Stream objects

A pikepdf.Stream object works like a PDF dictionary with some encoded bytes attached. The dictionary is metadata that describes how the stream is encoded. PDF can, and regularly does, use a variety of encoding filters. A stream can be encoded with one or more filters. Images are a type of stream object.

Most of the interesting content in a PDF (images and content streams) are inside stream objects.

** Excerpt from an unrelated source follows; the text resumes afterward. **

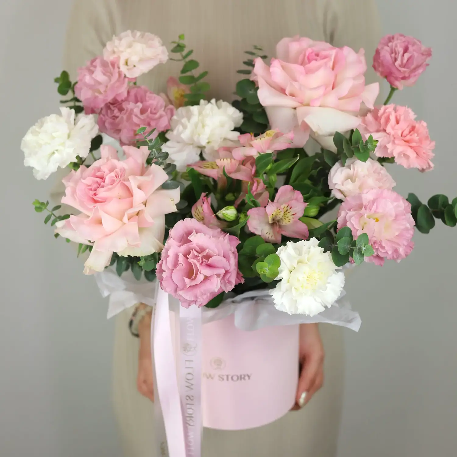 Состав: Диантус, Зелень, Роза, Эустома, Альстромерия

Because the PDF specification unfortunately defines several terms involve the word stream, let’s attempt to clarify:

Image of many species of fish

When it comes to taxonomy, software developers have it easy.

stream object
A PDF object that contains binary data and a metadata dictionary to describes it, represented as pikepdf.Stream. In HTML this is equivalent to a <object> tag with attributes and data.
object stream
A stream object (not a typo, an object stream really is a type of stream object) in a PDF that contains a number of other objects in a PDF, grouped together for better compression. In pikepdf there is an option to save PDFs with this feature enabled to improve compression. Otherwise, this is just a detail about how PDF files are encoded.
content stream
A stream object that contains some instructions to draw graphics and text on a page, or inside a Form XObject. In HTML this is equivalent to the HTML file itself. Content streams do not cross pages.
Form XObject
A group of images, text and drawing commands that can be rendered elsewhere in a PDF as a group. This is often used when a group of objects are needed at different scales or multiple pages. In HTML this is like an <svg>. It is not a fillable PDF form (although a fillable PDF form could involve Form XObjects).

Reading stream objects

Fortunately, pikepdf.Stream.read_bytes() will apply all filters and decode the uncompressed bytes, or throw an error if this is not possible. pikepdf.Stream.read_raw_bytes() provides access to the compressed bytes.

Three types of stream object are particularly noteworthy: content streams, which describe the order of drawing operators; images; and XMP metadata. pikepdf provides helper functions for working with these types of streams.